I've been reading this week (guided by Sara Arthur's wonderful Light After Light) a passage from Ecclesiastes. If it's been a while for you, this is one of those dissenting opinions in the canon of Scripture. Vanity of vanities, as the old KJV reads. Breath, say the newer translations, and chasing after the breeze. The Teacher, it seems, might agree that this task is foolish.

But, perhaps not. The Teacher seems to be reminding me that it's always been like this. There have been greedy bosses and folks just out for themselves. There have been oppressed who are not rescued and oppressors who go unpunished.

Yet, that doesn't mean we don't look for truth, love, and beauty. In fact, we should all the more; because, the brokenness is the way of the world. Notice, and this is one of the things I love about this book, there's no sense at all of denying what is happening. The Teacher is not a person with their head buried in the sand. The world is presented as it is, but it is accepted. The Teacher acknowledges that there will be sorrows, but he does so to point us away from despair. Because, I am finding, it is only in taking and acknowledging the broken places all around us that we can see where there is also mending.

This does not mean we leave the world as we found it. Seeing the cuts and breaks in Creation should always drive us to help heal and mend. But, if we cannot see some of the healing already occurring, how can we hold onto enough hope to do our part?

Second Sunday after Christmas


"...'get up, take the child and his mother and flee to Egypt....'" Matthew 2:13

The Wise Men have come and gone, Mary gets Jesus off to bed, and then she and Joseph lie down. The precious gifts of the Wise Men are there in the corner and, in the dim light, they stare at them, expecting them to disappear like a dream. For a family that experienced the wonders of Christmas Night, even this is almost too much to take in.

But the moment doesn't last. Joseph's sleep is disturbed by a dream, this one a warning to grab his son and his wife and run. And before sunrise, they are on the road, headed for the unknown.

In the years the calendar gives us a second Sunday of the Christmas season, it falls either on or near Twelfth Night. The season of Christmas is almost over. Soon it will be time to pack away all the decorations, the lights, and the music.

Truth be told, the season, for most of us, ended over a week ago. That beautiful moment when the church is dark, the candles are lit, and voices young and old sing together often quickly gives way to the cold light of the world after Bethlehem. It's a world where things break, you get sick, and things are neither calm nor bright.

Perhaps this is why I wish as a community of Christians we'd tell this story more often. It is not just a pivotal moment in the life of Christ, but it's one that speaks to our experience of the Christmas season. It, and not the arrival of the Wise Men, is the true close of the season. It is a story that expresses just how abrupt the transition from the manger to the world beyond is.

Maybe if we told this story more, it would allow us to mourn, as our hearts long to, that the redemption of all things is not yet. Perhaps it would give us license to be sad as we encounter what Auden calls this "bleak post-Bethlehem world." Sad, not that we're back at work and the year's to-do list yawns in front of us, but that the world is not what it is meant to be. We are not what we are meant to be.

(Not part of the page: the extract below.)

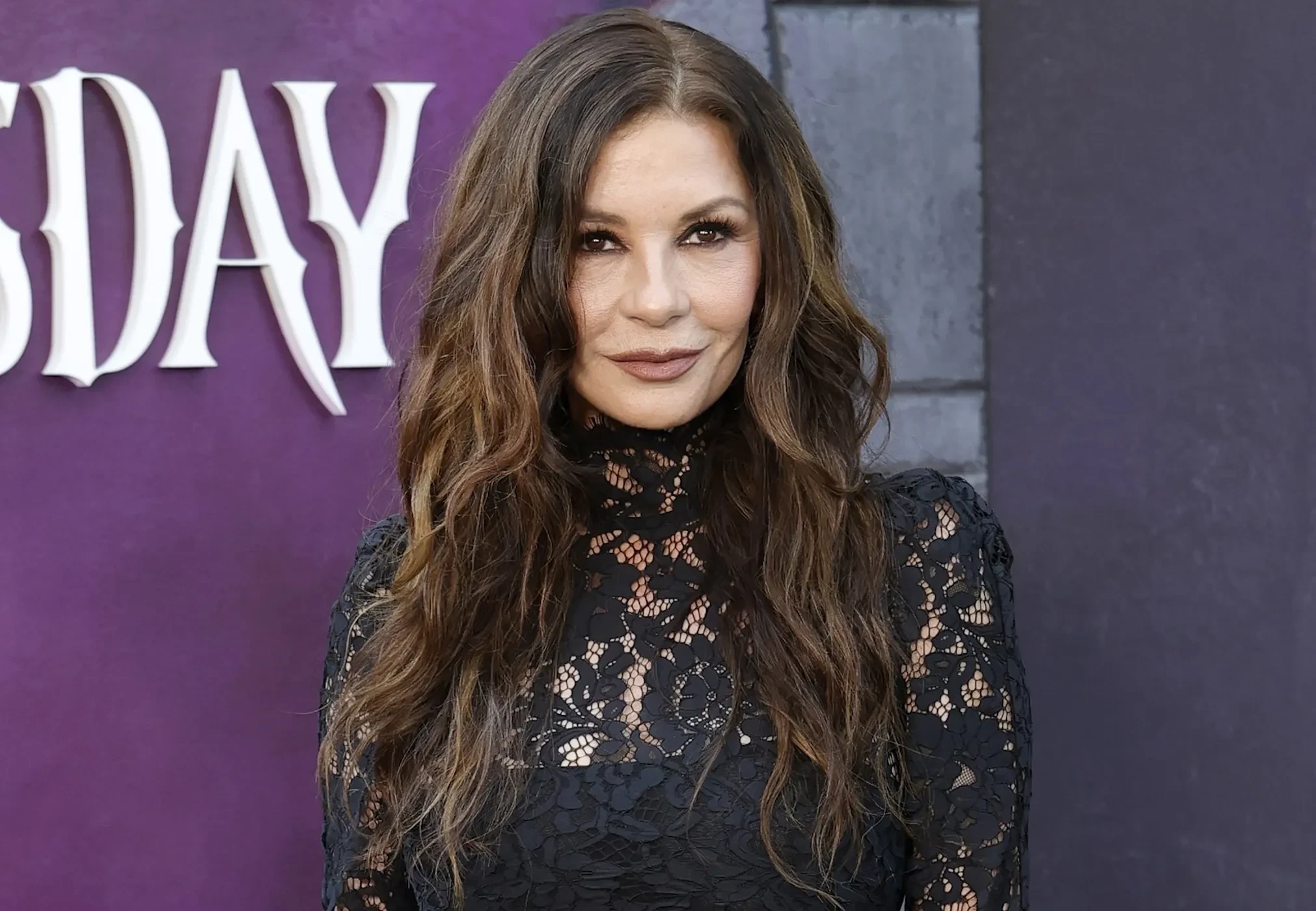 56-летняя Кэтрин Зета-Джонс вышла в свет в кружевном мини-платье

Tonight, before going to bed, I'll cut off the lights inside the house for the last time. When I wake in the morning, before dawn, I'll unplug those outside, plunging the yard into darkness. It's a darkness I will then have to, like the Holy Family, head out into. There, I will find no promise of safety and, sometimes, no guide on the way.

But like them, I'm not alone. And, eventually, I will find my way home.

Be near me, Lord Jesus, close by as I walk into the darkness and the unknown.